13. The method of claim 1, wherein selectively processing the workflows comprises deriving information from the entity tree, the deriving comprising one or more of a combination of a data point with a workflow status or a derivative from two or more data points.

14. The method of claim 1, wherein selectively processing the workflows further comprises monitoring follow-up decisions in relation to detection of suspected disease, the monitoring further comprising determining if follow-up decisions are being taken in a non-compliant manner.

15. The method of claim 1, wherein the selectively processing of the workflows further comprises dynamically fetching value sets from the workflows, the dynamic fetching enabling application to other diseases or management of other types of incidental findings.

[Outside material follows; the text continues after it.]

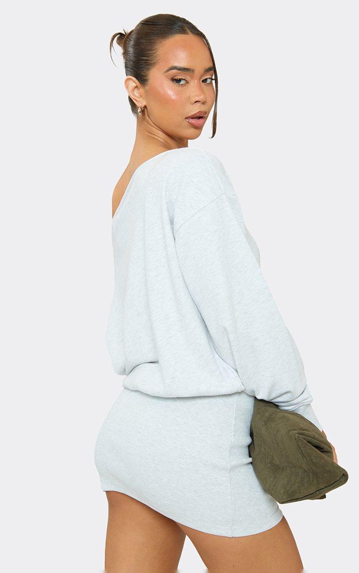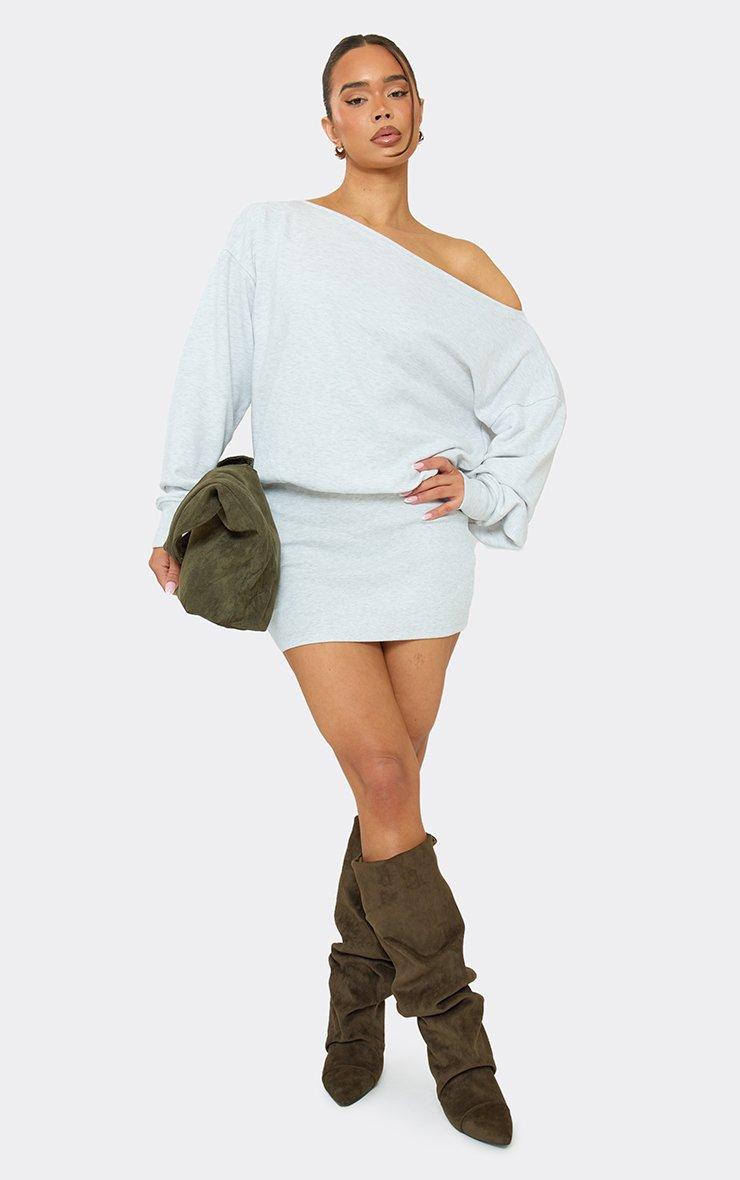 off the shoulder slouchy sweat dress in grey marl

16. The method of claim 1, wherein the patient management application comprises one or more of the following implemented in a cloud computing service: lung cancer orchestrator, comprising a computer aided detection module, lung cancer screening manager and incidental pulmonary findings manager, pulmonary nodule clinic or multidisciplinary team orchestrator.

17. The method of claim 1, wherein the cloud computing service further comprises one or more additional applications that the analytics application can process in combinations.

18. A non-transitory, computer readable storage medium comprising instructions that, when executed by one or more hardware processors, cause the one or more hardware processors to perform the method of claim 1.

19. The non-transitory, computer readable storage medium of claim 18, wherein the ETL pipelines comprise NiFi ETL pipelines.

20. A computing device configured to perform the method of claim 1, the computing device comprising:

one or more hardware processors; and

memory comprising a lung nodule management application and a lung analytics application used in conjunction with the lung nodule management application, the lung analytics application executable by the one or more hardware processors, the lung analytics application comprising:

an entity tree;

NiFi ETL pipelines configured to selectively process workflows and events responsive to trigger points in the workflows;

an analytics data structure configured with plural data structures for monitoring lung screening events, lung screening diagnostic follow-up events, lung incidental events, and lung incidental diagnostic follow-up events; and

one or more analytic dashboards configured to render visualizations of the data stored in the plural data structures of the analytics data structure and derived metrics or key performance indicators.